Tom, I think you may be thinking in terms of sort dates, please correct me if I have assumed incorrectly, but by definition "between" is more concise than either "about" or "circa" imo.
Yes, I did bring Sort Dates into the picture because the SortDate controls how Dates are sorted and, I suspect, it (or its algorithm) is in play in Duplicate Search Merge comparisons. Even if the latter is not the case, I doubt very much that DSM makes use of anything other than the Start Date for Between-and or From-to or other date ranges. And it may only be looking at the year of the date because the tolerance setting is set in units of years, nothing finer. Because your justification for wanting the calculator to deliver "between-and" is based on how it helps with matching other events having a single or range date, I'm pointing out that it is no better at doing so than a single date with a modifier (about or circa) that indicates it is an approximation. In fact, "between" implies a hard-bounded range unless you additionally fuzz the bounds with "about", e.g. "Bet abt 1 Apr 1900 and abt 31 Mar 1901". For DSM, a date of 1900 and a tolerance of +/1 1 year spans that entire period and then some or set it to 0 to cover the one year.
"Abt 1900" looks a lot more concise than "Bet 1 Apr 1900 and 31 Mar 1901".

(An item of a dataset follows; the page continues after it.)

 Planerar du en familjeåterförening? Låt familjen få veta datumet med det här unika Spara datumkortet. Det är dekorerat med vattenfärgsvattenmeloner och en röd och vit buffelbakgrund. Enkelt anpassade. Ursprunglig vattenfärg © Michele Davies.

To reassert and return to my original Date Calculator wish, if I ask what age you are are and you reply "56" is is NOT logical for me to assume today is your birthday.

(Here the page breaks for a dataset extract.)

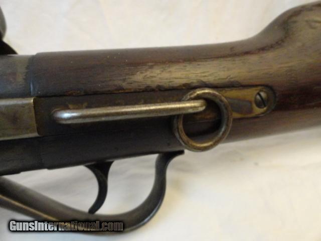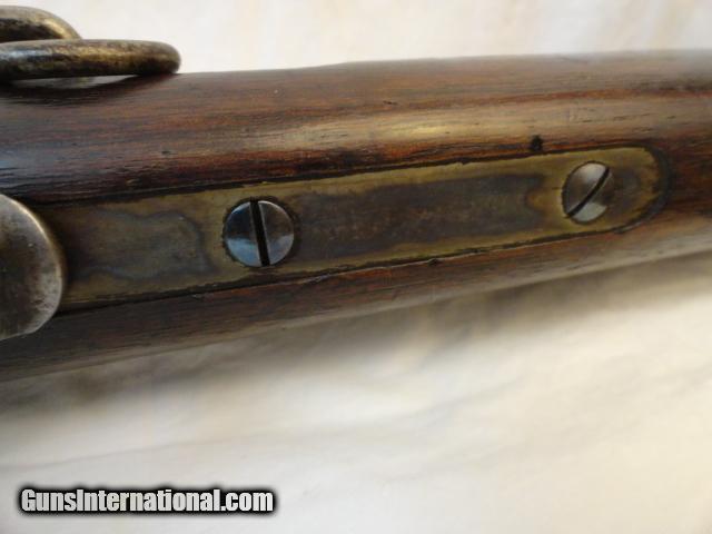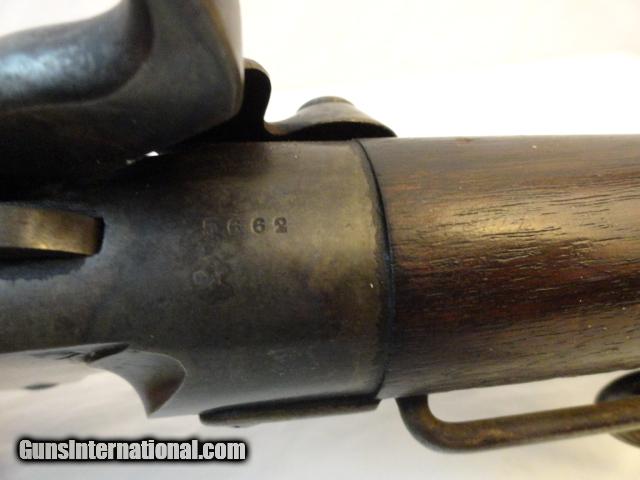 24,000 of these carbines were made with first shipments being delivers in April of 1865 at wars end. It featured a .50 inch bore, 20" barrel, factory sling swivels and a Stabler cut off. It has perfect DAP and EAW cartouches in the beautiful wood stock with no cracks or chips and never cleaned or sanded. Barrel retains almost 100% of the factory blue finish. The case colored receiver is basically patterened with some nice soft colors with brilliant colors on saddle ring attachment bar as well as the lever and the bottom tang, hammer and side plate. Bore is gem mint. All the screws have almost 100% of their original fire blue finish. At least half the brilliant colors remain on butt plate as well. This is a fairly early four digit serial number (5662) It does not look like it has ever seen any use. One of the finer examples extant.

You can assume what you will. Maybe I rounded up from 55y 7m (as an engineer, I tend to round up) or maybe I gave you the most significant digits from my age of 56y 11m 31d (damned if I will admit to 57 until there's no escape). You could logically calculate/estimate my birth date as "Bet 21 Dec 1961 and 20 May 1963" or as "Abt 1962". If I was truthful in saying 56 and my birth certificate showed a date in the "between" range, then a tolerance of +/- 1 year will let DSM match it to "Abt 1962" but not to the "between" date if my birth date was actually in 1963 (on the assumption that it is +/- 1 year from the year of the Start Date or from the numerical value actually stored in the database SortDate field). Regardless of that assumption, I may have lied about my birth date or got it wrong, as was oft the case for people providing info to the enumerator, especially for other people in the residence.
Setting aside having the calculator compute a "between" date from a Census date and age, what I would agree with is that the calculated result should have no better resolution or accuracy than the least resolution of the two operands. Currently, the calculator appears to ignore the resolution of the Age operand and delivers the result to the resolution of the Date operand. Maybe that's the crux of your complaint. If the End Date is 2018, an Age of 56 y produces "1962" as the Start, while "20 Dec 2018" as the End results in Start of "20 Dec 1962" when it should be no more accurate than "1962" and could be reasonably expected to report "Abt 1962". It does produce "1962" from a Start of "2018" and a full resolution age of "56 y 11 m 31 d"; the date output res is governed by the date input res only.
And BTW, the date calculator supports "between" dates in that it will output one if one was entered in the other date field. So you can start with a "between" date and get one calculated from an age but the resolution may be unacceptably high.